START Records shown
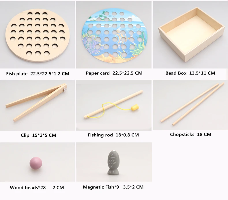 Название продукта: клубника зажим бусины Рыбалка Возраст: для детей от 3-х лет Размеры: 24*23,5*6,5 см (как на картинке) Вес: 0,65 кг Материал: высококачественная древесина + водяная краска Вспомогательное оборудование: 1. Рыба * 10 шт. 2. Клубника * 20 шт 3. Зажим * 1 шт. 4. Палочки для еды * 1 шт. 5. Удочка * 1 шт 6. Маленькая миска * 1 шт. 7. Базовая плата * 1 шт.
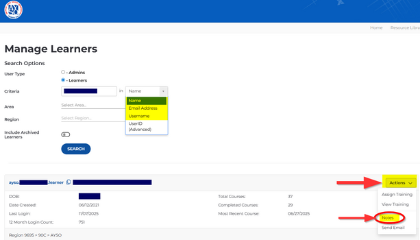- You can search for the Learner by the following and click on Notes:
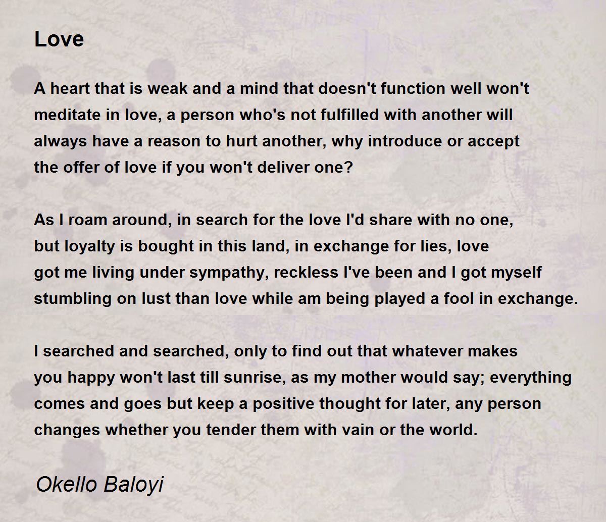 A heart that is weak and a mind that doesn't function well won't meditate in love, a person who's not fulfilled with another will always have a reason to hurt another, why introduce or accept the offer of love if you won't deliver one?
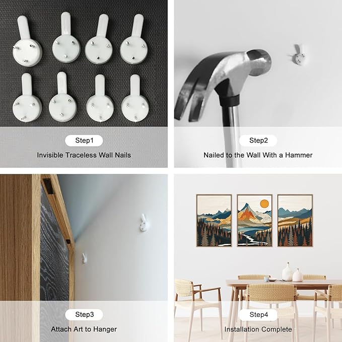 - Easy to Hang: Each of these three colorful mountain art prints pieces measures 16x24inches. It comes with all the necessary accessories so it's simple and easy to install. Simply choose where you want to decorate, make sure it's level and aligned the way you want it, and then nail it down with non-marking nails.
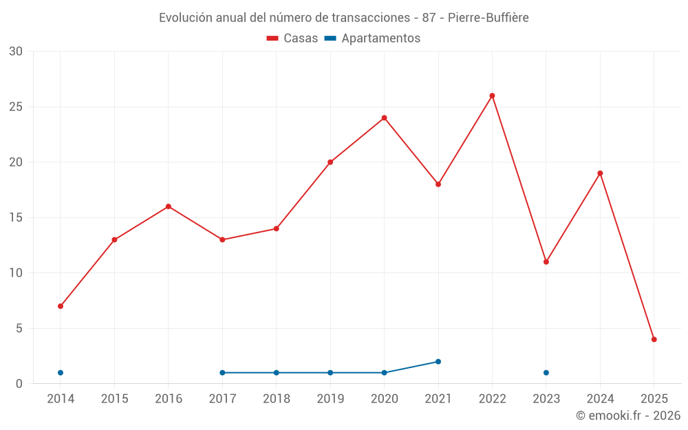 El precio mediano en las 28 transacciones de casas de los últimos 24 meses en la comuna de Pierre-Buffière fue de 1 271 € por metro cuadrado para un valor patrimonial medio de 109 950 €. Durante este período el 60% de las transacciones estuvieron entre 931 y 1 673 € por metro cuadrado (del 2º al 8º decil).
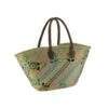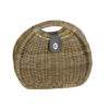 Rieten dames tasje gemaakt van Grey slimiet (rietsoort) met lederen handgrepen en sluiting.
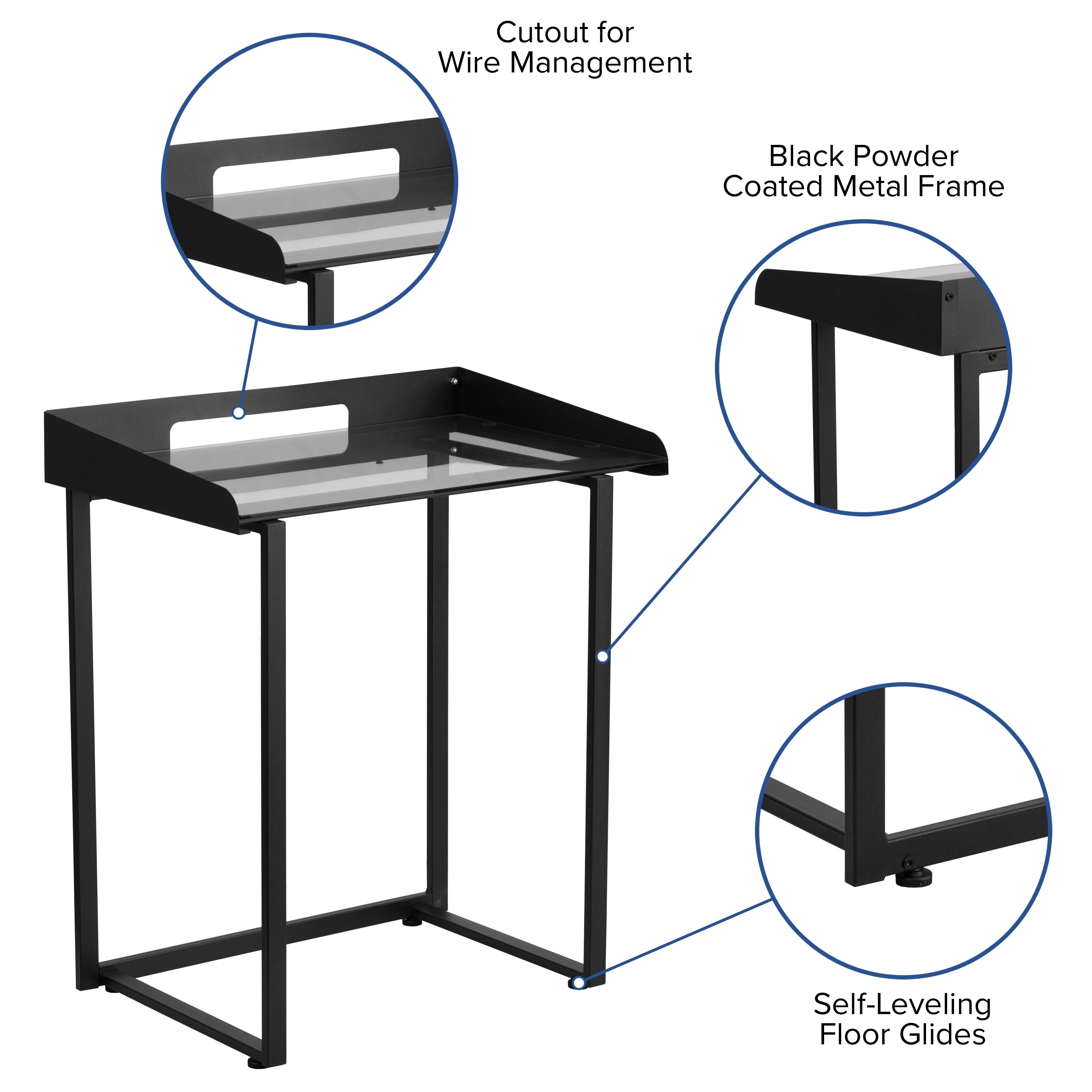 Looking for a solution for your lack of workspace? This compact workstation for small spaces like dorm rooms, condos and loft apartments is your answer. This contemporary desk with clear tempered glass and black frame provides a stylish surface to complete that term paper or business proposal. The clear, tempered glass surface is framed on three sides by short, vertical barriers to prevent papers or other objects from sliding off the back or sides. A cutout in the back barrier provides an outlet to route cables and cords out of your way, and the smooth, powder coated finish protects the frame from scratches. Self-leveling floor glides keep the desk from wobbling on uneven floor surfaces and protect your floor by sliding smoothly when you need to move it. When you have limited room and need to maximize your home, school or office space, this stylish little desk is a great option.
END Records shown
Give all the lines above again, character for character, without pictures.

• Task response:
 Название продукта: клубника зажим бусины Рыбалка Возраст: для детей от 3-х лет Размеры: 24*23,5*6,5 см (как на картинке) Вес: 0,65 кг Материал: высококачественная древесина + водяная краска Вспомогательное оборудование: 1. Рыба * 10 шт. 2. Клубника * 20 шт 3. Зажим * 1 шт. 4. Палочки для еды * 1 шт. 5. Удочка * 1 шт 6. Маленькая миска * 1 шт. 7. Базовая плата * 1 шт.
- You can search for the Learner by the following and click on Notes:
 A heart that is weak and a mind that doesn't function well won't meditate in love, a person who's not fulfilled with another will always have a reason to hurt another, why introduce or accept the offer of love if you won't deliver one?
 - Easy to Hang: Each of these three colorful mountain art prints pieces measures 16x24inches. It comes with all the necessary accessories so it's simple and easy to install. Simply choose where you want to decorate, make sure it's level and aligned the way you want it, and then nail it down with non-marking nails.
 El precio mediano en las 28 transacciones de casas de los últimos 24 meses en la comuna de Pierre-Buffière fue de 1 271 € por metro cuadrado para un valor patrimonial medio de 109 950 €. Durante este período el 60% de las transacciones estuvieron entre 931 y 1 673 € por metro cuadrado (del 2º al 8º decil).
 Rieten dames tasje gemaakt van Grey slimiet (rietsoort) met lederen handgrepen en sluiting.
 Looking for a solution for your lack of workspace? This compact workstation for small spaces like dorm rooms, condos and loft apartments is your answer. This contemporary desk with clear tempered glass and black frame provides a stylish surface to complete that term paper or business proposal. The clear, tempered glass surface is framed on three sides by short, vertical barriers to prevent papers or other objects from sliding off the back or sides. A cutout in the back barrier provides an outlet to route cables and cords out of your way, and the smooth, powder coated finish protects the frame from scratches. Self-leveling floor glides keep the desk from wobbling on uneven floor surfaces and protect your floor by sliding smoothly when you need to move it. When you have limited room and need to maximize your home, school or office space, this stylish little desk is a great option.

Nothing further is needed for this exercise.